Other brands and filmmakers have occasionally featured kickass female athletes, but these productions are less common than you’d think. Red Bull has profiled its surfer Paige Alms and triathletes Natascha Badmann and Daniela Ryf, but they’re a small minority in a vast male-dominated video catalog. The North Face has highlighted athletes like climbers Margo Hayes and Emily Harrison, and Black Diamond launched a video campaign focused on climber Babsi Zangerl. Scott’s four-part series makes another meaningful contribution.
The She’s Out There videos look like the guy-centric stuff I typically devour, but with female protagonists. The first installment follows mountain bikers Karen Eller, Lorraine Blancher, and Monet Adams as they ride in Spain; the second shadows members of the Mitchelton-Scott pro women’s road-cycling team; the third profiles trail runner Ruth Croft, who won the UTMB’s Orsières-Champex-Chamonix (OCC) race this year. The fourth video, which will be released on October 26, highlights ski tourers Sabine Schipflinger and Laura Überbacher.
All are aspirational, in the best way.
Take episode 1. Its aerial videography showcases the rocky, mountain-ringed singletrack of Spain’s Sierra Nevada, which is definitely on my go-list now. The women positively hammer it, pulling manuals through puddles and hucking off ledges. Yeah, I like to imagine myself on those bikes, in that place.
That’s precisely Scott’s point: the company makes great women’s gear, for real, undiluted adventures. Spanning running, cycling, winter, and moto sports, Scott’s apparel collection is growing, and it now includes more than 400 women’s pieces. The company is also expanding its women’s footwear and hard goods.
That’s a big commitment to women’s products, and what I’ve tested so far has passed muster. I’ve been liking the Scott Soldier 2 Knee Guards ($70) for mountain biking, which are much more comfortable than most pads I’ve worn. Scott uses a material that hardens on impact, so the pads are flexible enough to let me pedal and sufficiently protective when I crash. I wouldn’t say they’re cooler or more ventilated than other enduro-style guards, but they stay put without pinching, and that’s a huge plus.
I’m glad to see Scott flying the women’s radness flag because I want to see examples of women notching gnarly descents and stamina-stretching runs.
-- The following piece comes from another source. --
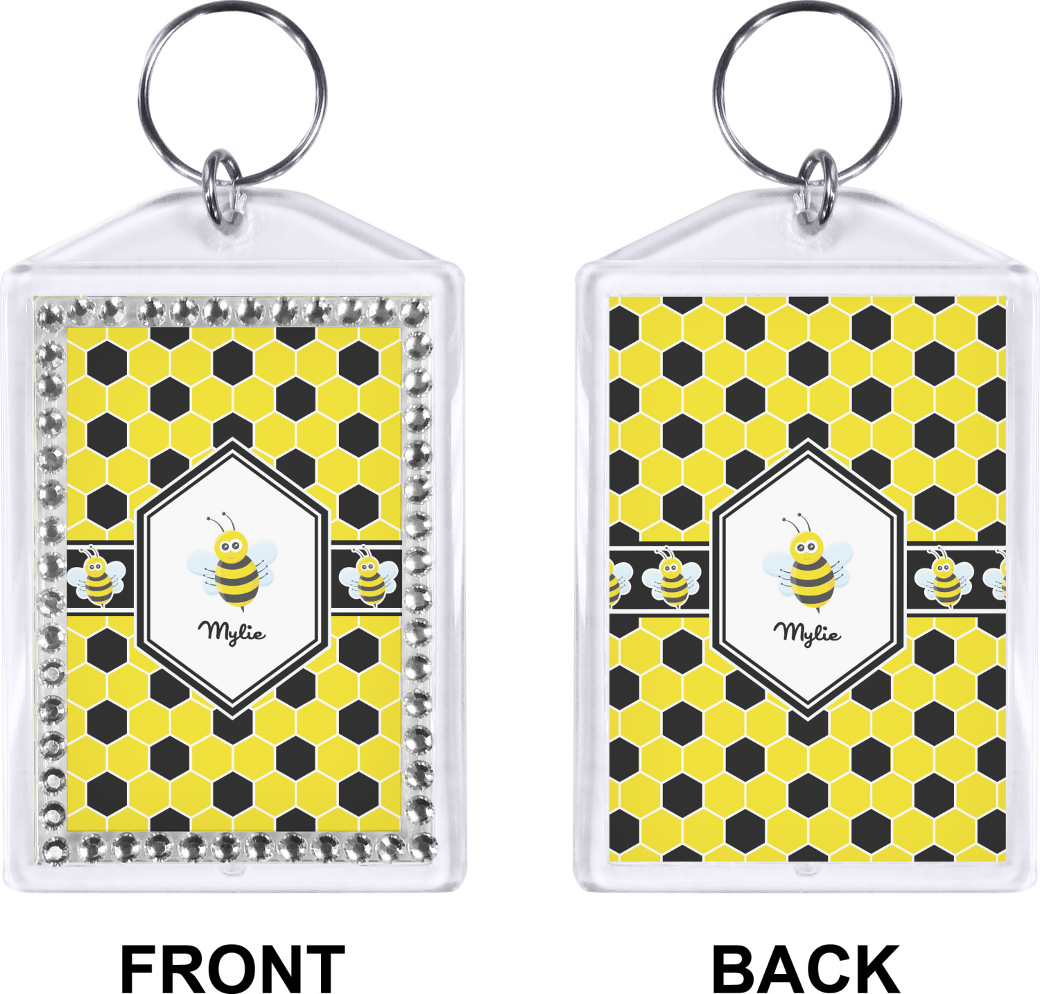 Our personalized keychains have a bold, rectangular shape, outlined by a series of shimmering rhinestones. A metal, split keyring is included with your purchase, and an additional metal hoop allows for attachment of the keychain to the split ring. This unique keychain measures at about 3.75 by 2.5 inches. We print your customized design(s) across both the back and front of this keychain.

I’ve also liked Scott’s Trail Mtn 20 Women’s Shorts. The high-backed waistband keeps the shorts from sagging when I’m bent forward or moving around on the saddle, and it’s adjustable (with Velcro tabs) to eliminate gaps. That adjustability also lets me decide where I want the shorts to sit, from high waist to low hip or somewhere in between. The fit is fairly body-hugging but stretchy. At $100, this is a killer deal, since you get an overshort and a high-performance chamois that kept me comfortable on three-hour rides.
My ultrarunner friend tested the women’s Supertrac RC shoe ($155) and loved its sticky traction. The outsole’s particular rubber compound excels on wet terrain, and the lug pattern wraps around rough surfaces for a solid grip. She also liked the shoe’s thin tongue, which stayed in place over long runs, and its moderate cushioning. Hardly a mattress-thick platform, the sole delivers enough shielding to keep feet from feeling pummeled on runs extending beyond 35 miles. The Supertrac fits narrow feet best, and its arch support is minimal, so runners who pronate or who have high arches will want an aftermarket insole.
There’s nothing dumbed-down about this gear, or the pursuits that Scott captures in each episode of She’s Out There. Admittedly, those big-league images won’t appeal to everyone. “We’ve learned that women don’t respond to aspirational imagery like men do,” says pro angler Hilary Hutcheson, who collaborated on Orvis’s 50/50 On the Water campaign to boost women’s participation in fishing. The same image that inspires many male viewers can end up intimidating female audiences, who tell themselves, I could never do that. So Orvis, like other gear manufacturers, has been broadening its image library to include women not just landing trophies but also high-fiving and communing with nature. So has REI with its Force of Nature campaign, showing women hanging out outdoors not necessarily doing challenging things.
I like those chummy messages, but I’m glad to see Scott flying the women’s radness flag because I want to see examples of women notching gnarly descents and stamina-stretching runs. Plus, these athletes were beginners once. “You can start off and just set yourself small goals,” says ultrarunner Ruth Croft in her video. “And once you achieve them, you start thinking of the bigger picture and you can reach towards bigger goals, and along the way, you learn a lot about yourself that you probably would never have known or discovered had you not started running.”
The video pairs this commentary with shots of Croft goat-footing it along a breathtaking mountain ridge that floats above a cloud-covered valley. Later you see her straining to haul her muddy, muscled legs up the umpteenth mile of a rocky climb. (UTMB’s OCC gains 11,500 feet over 33 miles.) She has my respect.
Respect for that woman on the screen has a nifty way of bridging into respect for the woman watching. So if you’ll excuse me, I’m going to pull on my knee pads and go for a ride.